**ACTION ITEM**
Reproduce the lines below exactly, from the one containing "XUANHAO Infant Toddler" through the one containing "Black matte gel", both included. Leave out any pictures.

Data records:
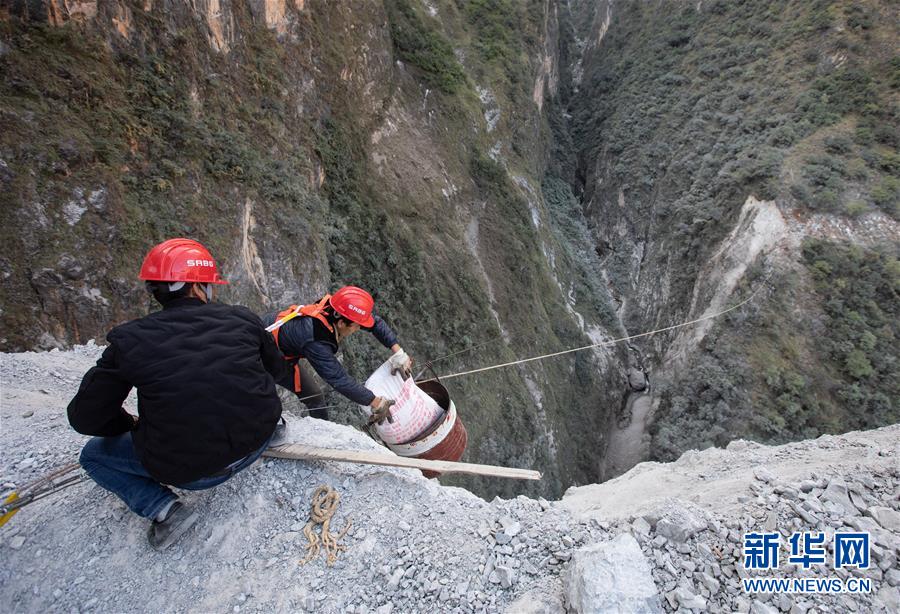 四川路橋的施工人員通過臨時搭建的溜索運(yùn)輸施工物資到峽谷對岸(2019年11月20日攝)。阿布洛哈村通村公路施工遇到陡崖夾溝地勢,項(xiàng)目進(jìn)程艱難緩慢,四川路橋施工隊(duì)伍開始在峽谷兩端分頭推進(jìn)。新華社記者江宏景攝
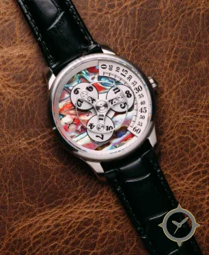 Eine Luxus-Uhr mit einem 35.5mm Gehäuse im Vintage-Stil gefertigt aus Edelstahl mit einem Zifferblatt in weiß und einer besonderen "abalone / mother-of-pearl iridescent"-Oberfläche.
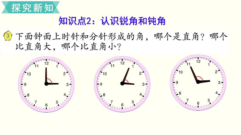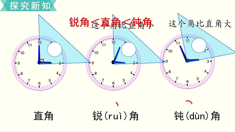 小学苏教版七 角的初步认识教课ppt课件: 这是一份小学苏教版七 角的初步认识教课ppt课件,共24页。PPT课件主要包含了这3个角都是直角,锐ruì角,钝dùn角,这个角比直角小,这个角比直角大,锐角<直角<钝角,个锐角,个钝角,个直角等内容,欢迎下载使用。
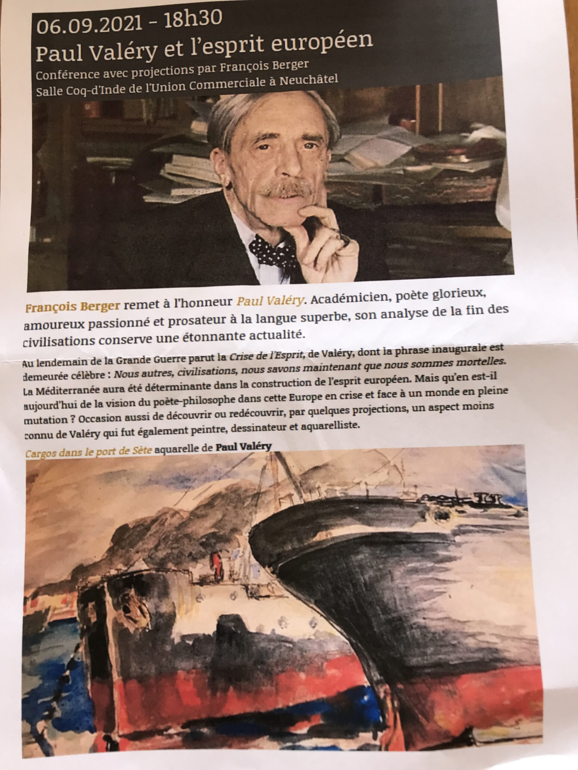 3- Et enfin, pour celles et ceux qui auraient manqué la conférence de Me François Berger que nous avons organisée fin 2019 sur Paul Valéry et l’Europe, nous vous informons de la possibilité de la suivre une nouvelle fois très prochainement! Le lien ci-bas vous fournit toutes les informations utiles.
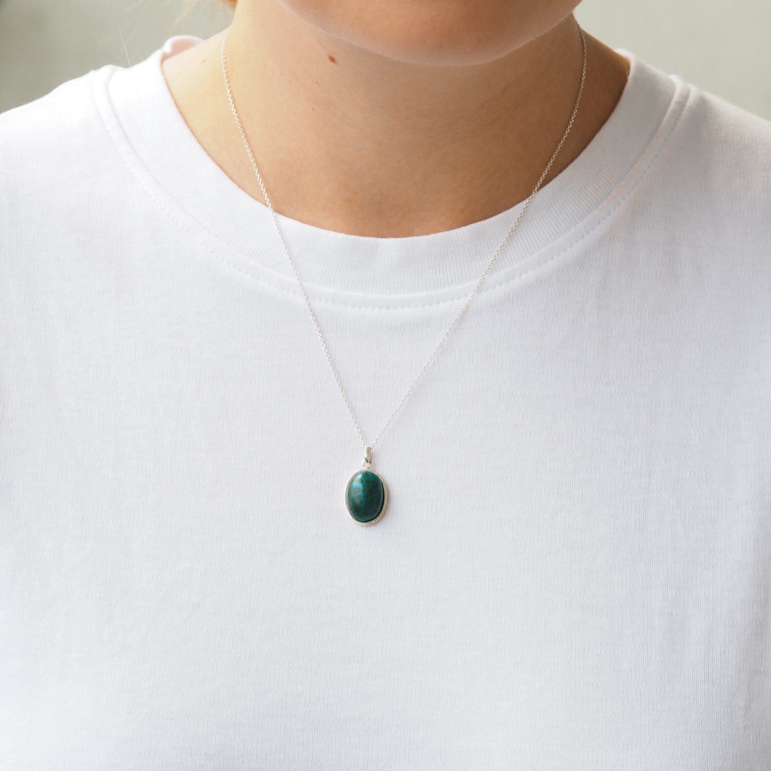 Ręcznie wykonana zawieszka z naturalną chryzokolą w owalnym kształcie. Kamień osadzony jest w minimalistycznej oprawie ze srebra próby 925, która pozwala w pełni wyeksponować jego intensywną, niebiesko-zieloną barwę i organiczną strukturę. Lekka, elegancka forma sprawia, że zawieszka świetnie sprawdzi się zarówno na co dzień, jak i do bardziej wyrafinowanych stylizacji.
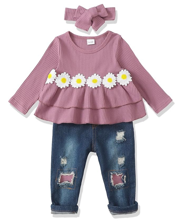 XUANHAO Infant Toddler Baby Girl Clothes Denim Jeans Outfits 2PCS Ruffle Floral Top + Ripped Denim Girls Pants Set 6M-4T
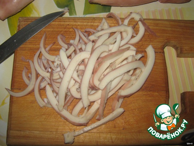 Нарезать кальмары полукольцами (если большие) или кольцами.
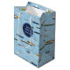 This unique boating themed gift bag features varied size seafaring vessels on a blue background with custom message on a dark blue circle pendant - the pattern includes 2 cargo ships, 2 sailing vessels, 2 antique-style wood boats, 1 fishing boat, a rowboat and a houseboat - close inspection of the pattern reveals people enjoying "A Day On the River" © katz_d_zynes 2020
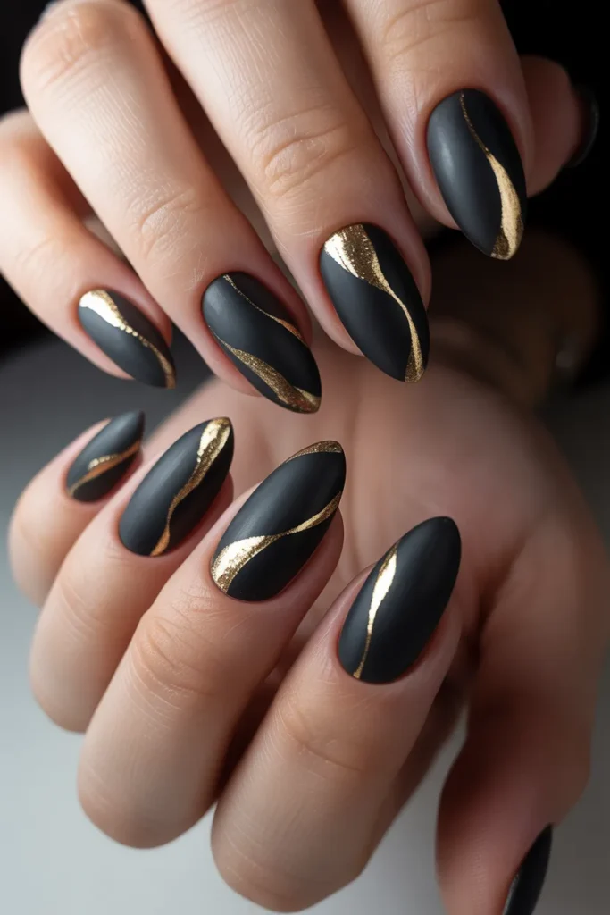 Black matte gel nails paired with delicate gold lines for an edgy, sophisticated look.
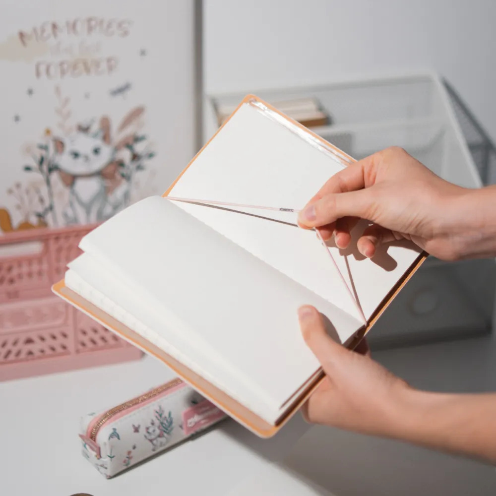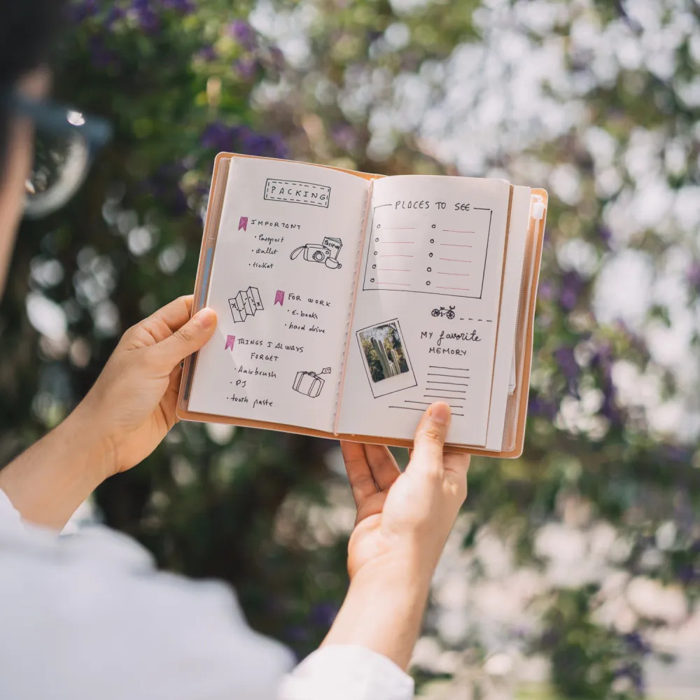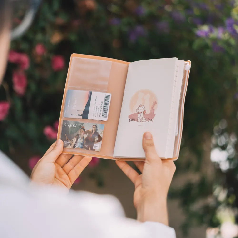 Diario di viaggio con copertina in poliuretano morbido. Include uno scomparto per mappa, due quaderni da 80 fogli (160 pagine) con due diversi tipi di carta (a righe e a punti) e una tasca interna posteriore. Presenta una chiusura elastica e un bottone automatico in poliuretano.
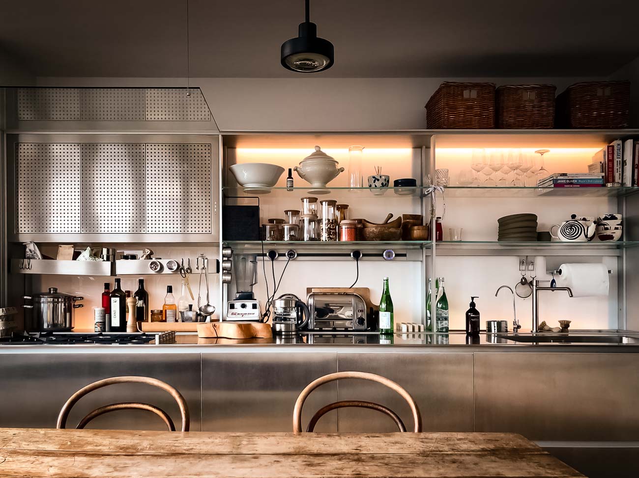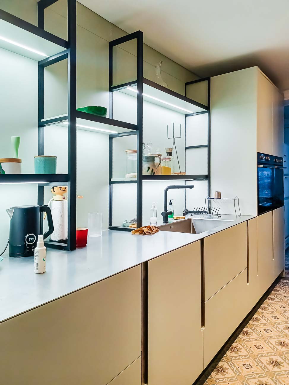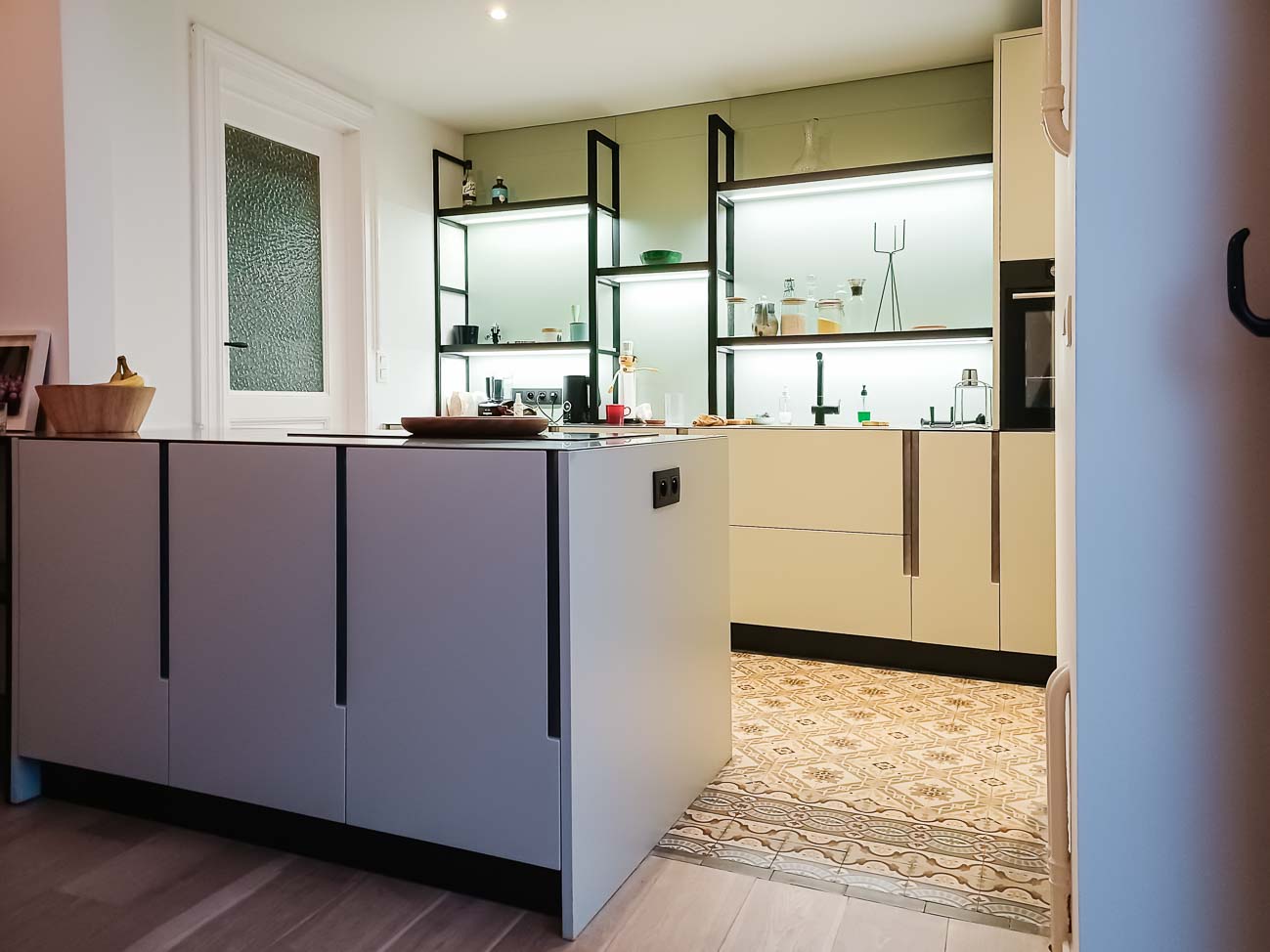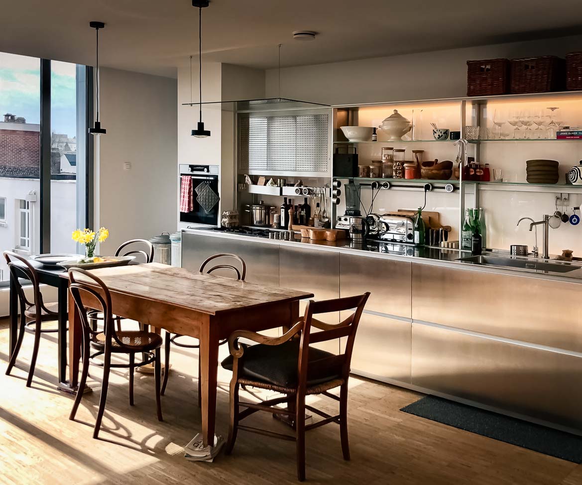 • Cuisine laqué mat vert pastel lumineuse et étagères structurées, plan de travail en acier inoxydable :

**REPLY**
 XUANHAO Infant Toddler Baby Girl Clothes Denim Jeans Outfits 2PCS Ruffle Floral Top + Ripped Denim Girls Pants Set 6M-4T
 Нарезать кальмары полукольцами (если большие) или кольцами.
 This unique boating themed gift bag features varied size seafaring vessels on a blue background with custom message on a dark blue circle pendant - the pattern includes 2 cargo ships, 2 sailing vessels, 2 antique-style wood boats, 1 fishing boat, a rowboat and a houseboat - close inspection of the pattern reveals people enjoying "A Day On the River" © katz_d_zynes 2020
 Black matte gel nails paired with delicate gold lines for an edgy, sophisticated look.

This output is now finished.